LOVE TYPE D – Review by Susan Wloszczyna
The British romantic comedy Love Type D certainly proposes an intriguing if far-fetched premise – that certain people carry an unlucky-in-love gene that causes them to endure a lifetime of serial dumpings by those people that they are attracted to. We find this out when we meet 20-something cubicle worker Frankie Browne (Maeve Dermody), whose current beau Thomas (Oliver Farnsworth) sends his nearly 12-year-old precocious school–boy half-brother Wilbur (Rory Stroud, a delight) to deliver the bad news that she has been dumped. Even worse, Thomas is now dating a beautiful famous female astronaut.
That is when science prodigy Wilbur, whose glasses are forever askew, suggests that Frankie might carry a gene that causes her companions to eventually break off their relationship. She scans the internet to seek more info and finds online ads touting a genetic company that sells a test to see if you have the so-called dumpee gene or if you are a dumper. Dr. Elsa Blomgren (Tovah Feldshuh) promotes her product and notes such signs of the gene, such as having childhood pets run away or playing Scrabble by yourself. Soon, Frankie recruits her co-workers to take a sort of pregnancy-type test and several prove positive. She determines that one must dump their dumpers to make the gene benign.

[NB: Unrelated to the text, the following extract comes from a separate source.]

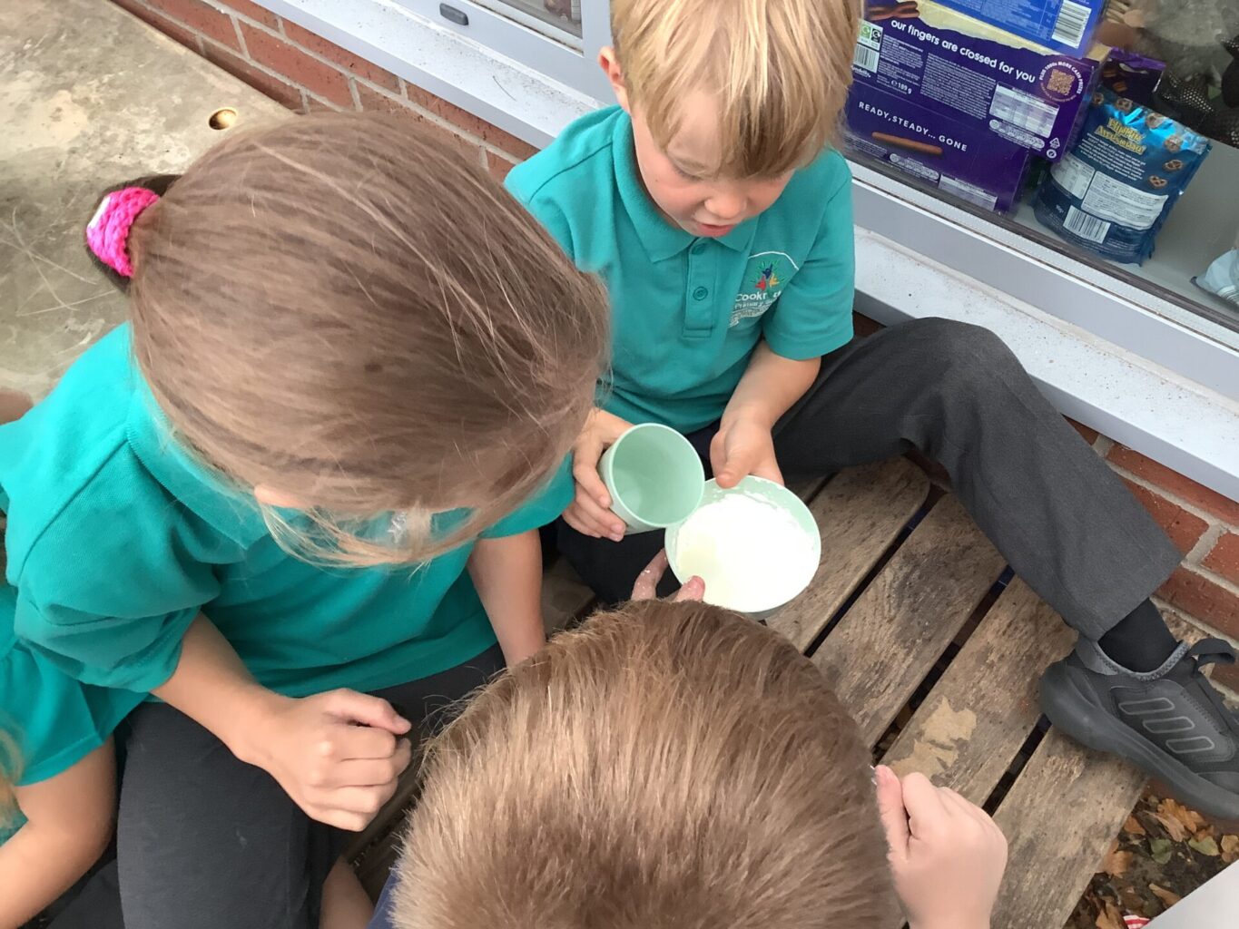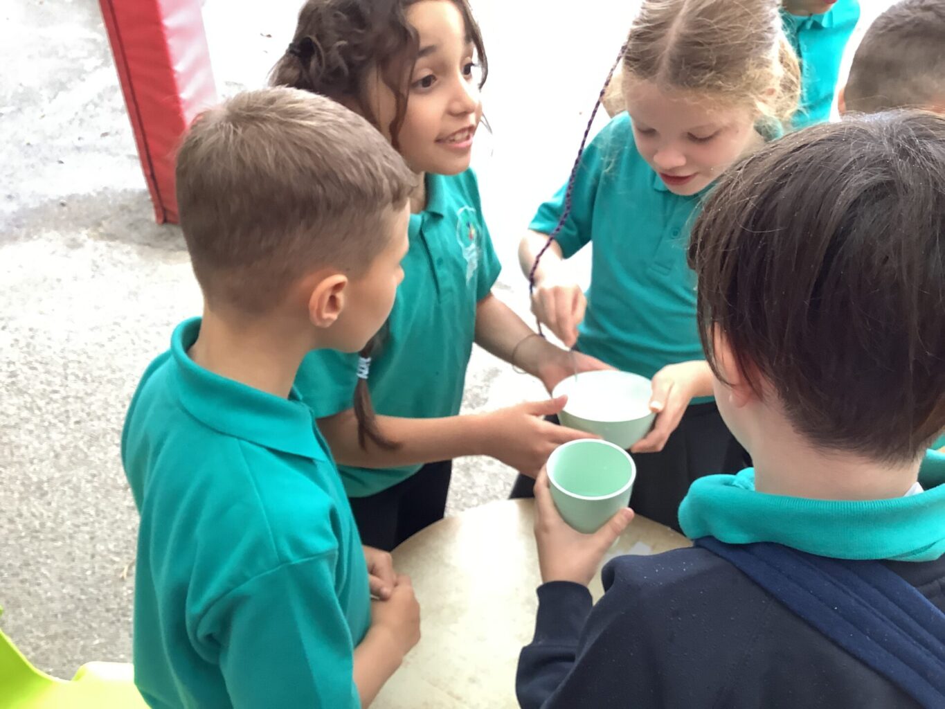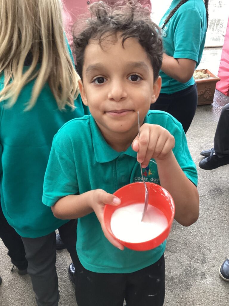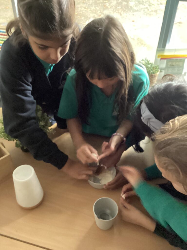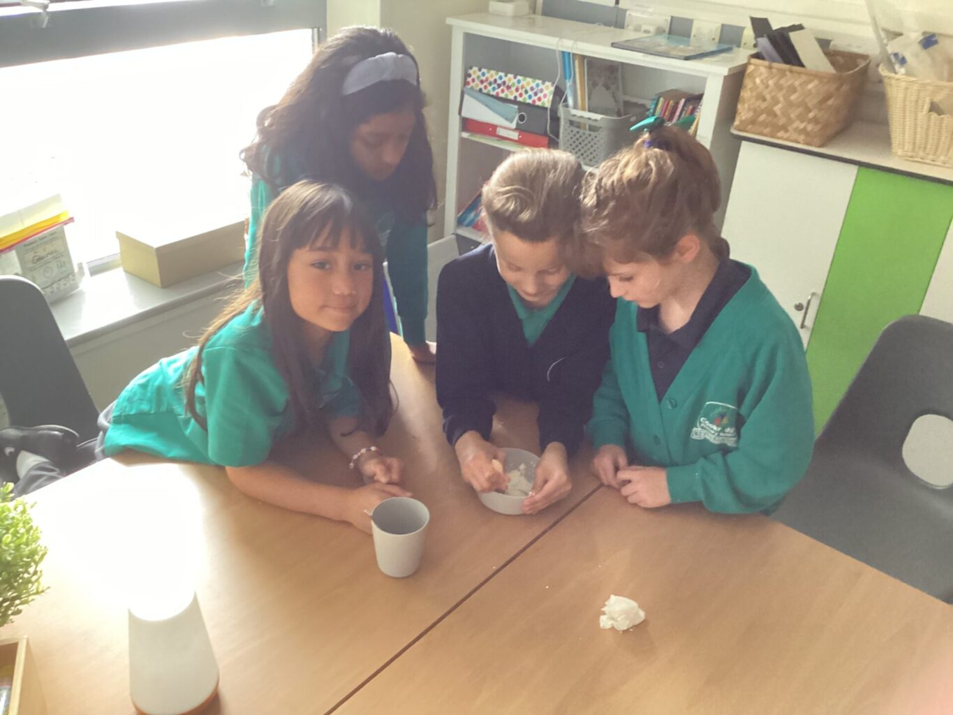 Today in science, we thought carefully about how to conduct an experiment. First, we considered what makes something an experiment, and learnt that it is to test something, record what happens, and use your observations to answer a question. We followed careful instructions to set up our own practical experiment by investigating whether cornflour and water make a solid or a liquid. We realised that the mixture could both be a solid and a liquid. This was because it is a ‘non-Newtonian liquid’ which means that the same material may appear more thick or runny in different situations – depending on the force or pressure applied to it.

We should applaud first-time writer-director Sasha Collington for coming up with a truly unique fantasy premise. However, Dermody spends much of the film moping about when such a farcical premise craves energy and snappy dialogue. Plus Stroud is allowed to steal every scene he appears in. By the time that a psychic and elephant pheromones enters the picture, the script starts to desperately droop.
To be honest, the only time I chuckled out loud was when Frankie shows a new male intern how to use the copy machine. When he asks if the sheets of paper should be printed on back and front or just one side, Frankie tells him that her boss is a climate-change denier, so one should be perfectly fine.